You can create a new thread and asynchronously wait for 1s to pass, and then throw an exception. However, exceptions can only be caught in the same thread where they're thrown, so, you cannot catch in the same thread where you called f(), like in your example code - but that's not a stated requirement, so it may be OK for you.

Only if f is guaranteed to return in less than 1s, can you do this synchronously:

• store current time
• call f()
• wait for current time - stored time + 1s

But it may be quite difficult to prove that f in fact does return in time.

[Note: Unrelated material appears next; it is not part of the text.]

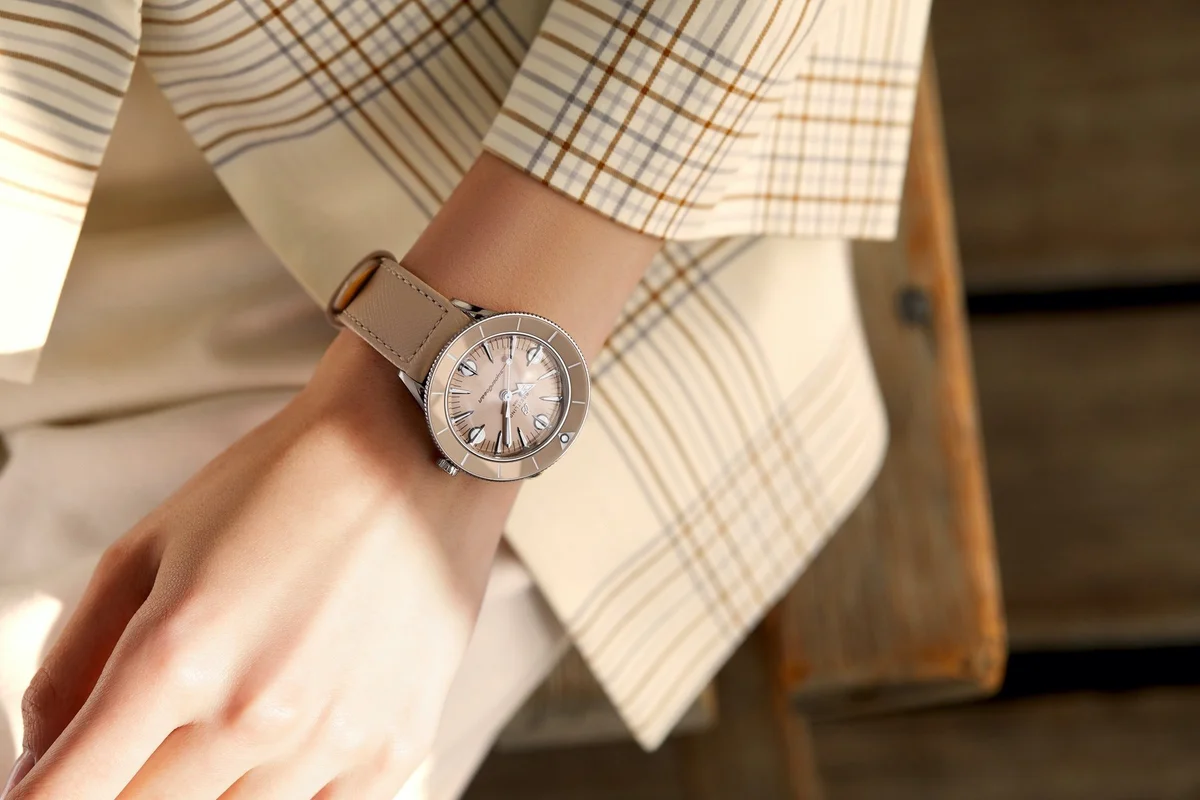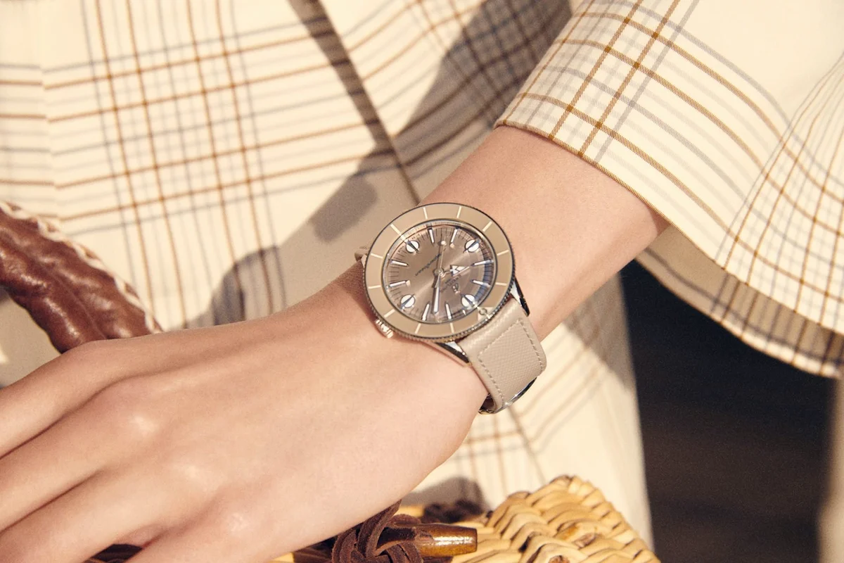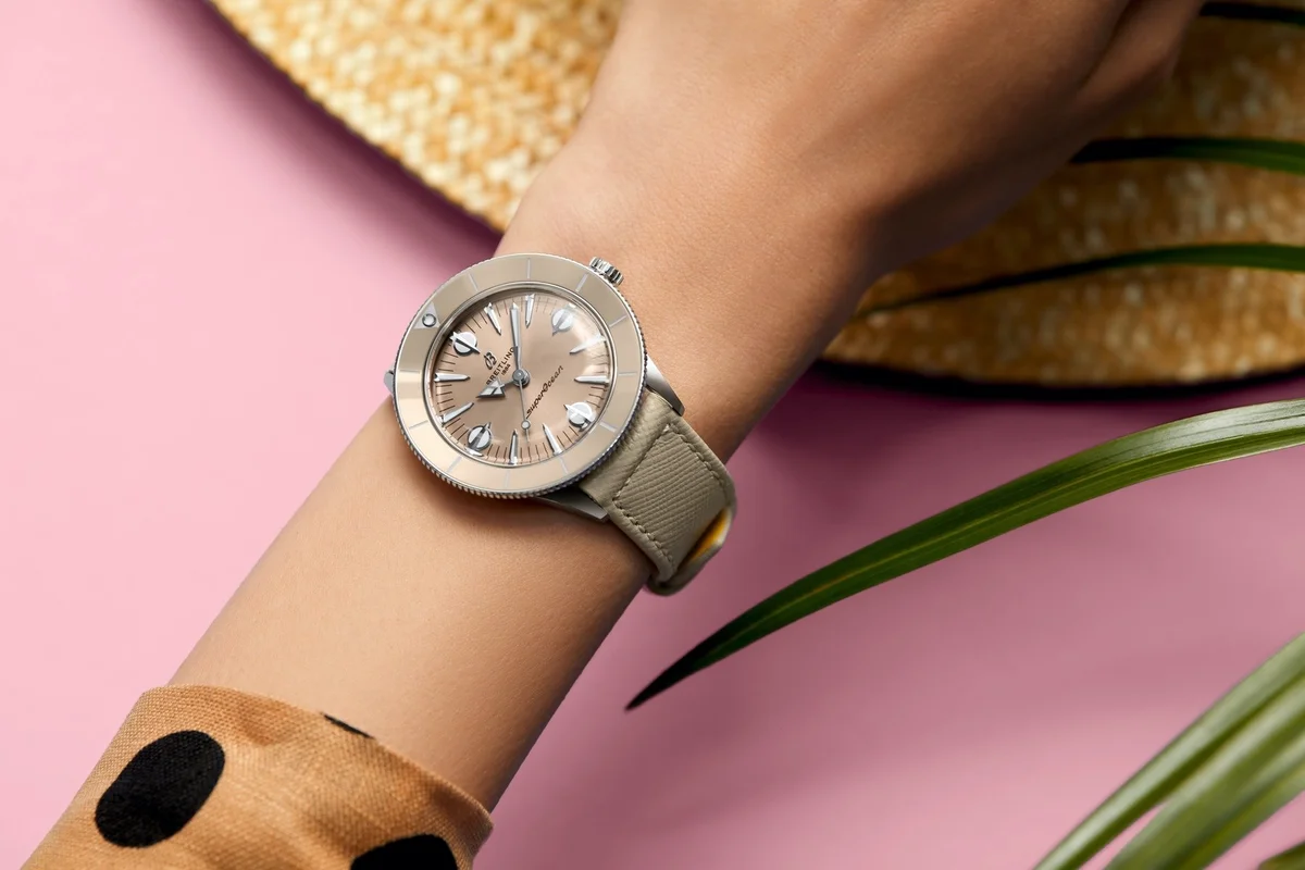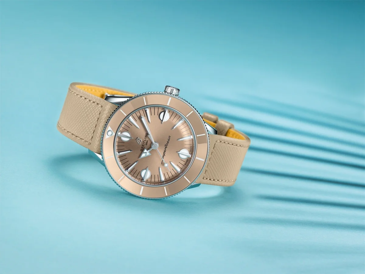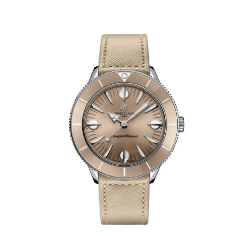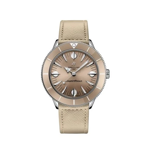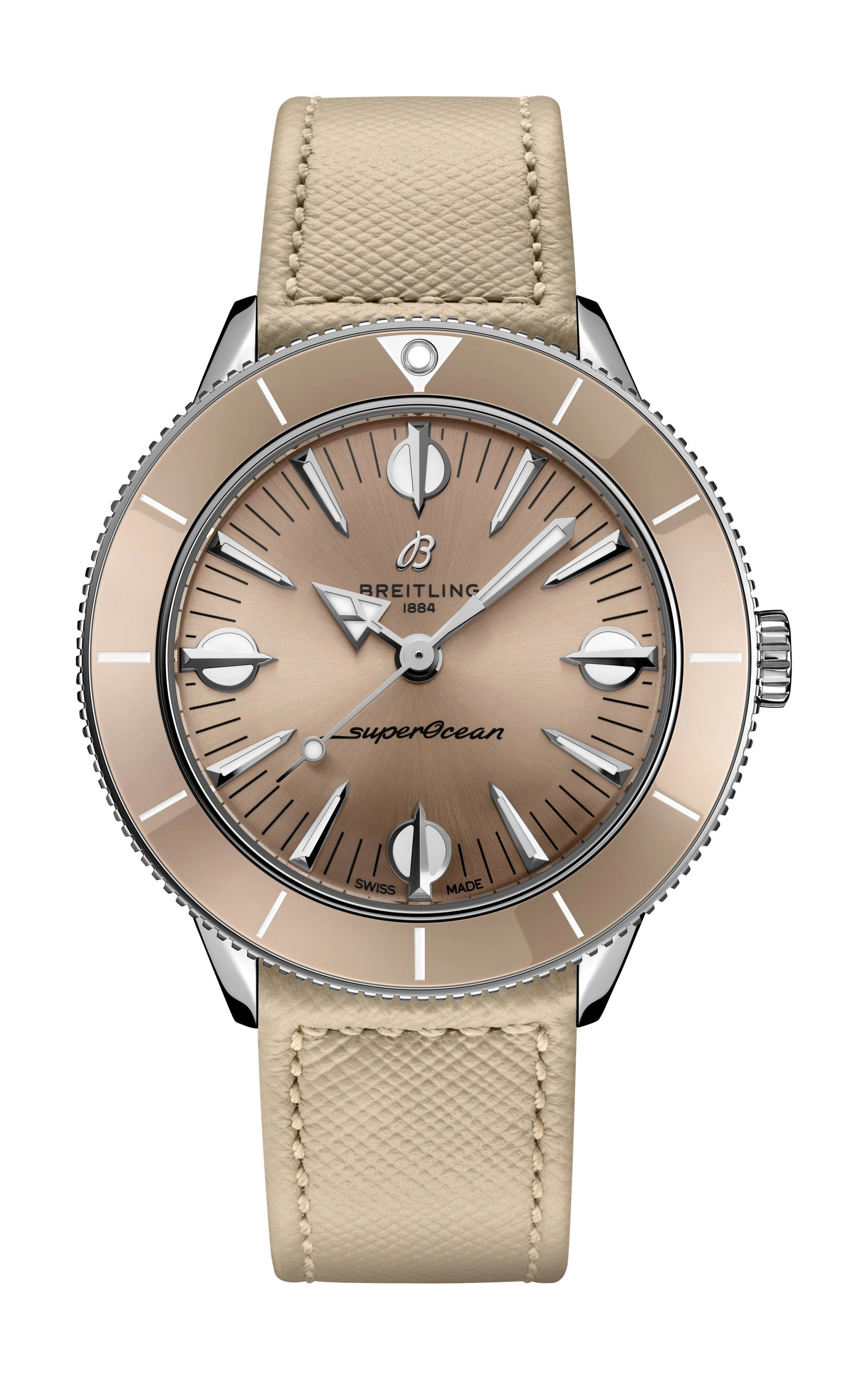 The Breitling Superocean Heritage '57 reference A10340A41A1X1 was introduced in 2021 as part of the 'Pastel Paradise' capsule collection. This Superocean Heritage '57 features a [CASE_DIAMETER] case and an 'Iced Latte' dial, bezel and strap.

You can create a separate thread to run the call itself, and wait on a condition variable back in your main thread which will be signalled by the thread doing the call to f once it returns. The trick is to wait on the condition variable with your 1s timeout, so that if the call takes longer than the timeout you will still wake up, know about it, and be able to throw the exception - all in the main thread. Here is the code (live demo here):

#include <iostream>
#include <chrono>
#include <thread>
#include <mutex>
#include <condition_variable>

using namespace std::chrono_literals;

int f()
{
    std::this_thread::sleep_for(10s); //change value here to less than 1 second to see Success
    return 1;
}

int f_wrapper()
{
    std::mutex m;
    std::condition_variable cv;
    int retValue;

    std::thread t([&cv, &retValue]() 
    {
        retValue = f();
        cv.notify_one();
    });

    t.detach();

    {
        std::unique_lock<std::mutex> l(m);
        if(cv.wait_for(l, 1s) == std::cv_status::timeout) 
            throw std::runtime_error("Timeout");
    }

    return retValue;    
}

int main()
{
    bool timedout = false;
    try {
        f_wrapper();
    }
    catch(std::runtime_error& e) {
        std::cout << e.what() << std::endl;
        timedout = true;
    }

    if(!timedout)
        std::cout << "Success" << std::endl;

    return 0;
}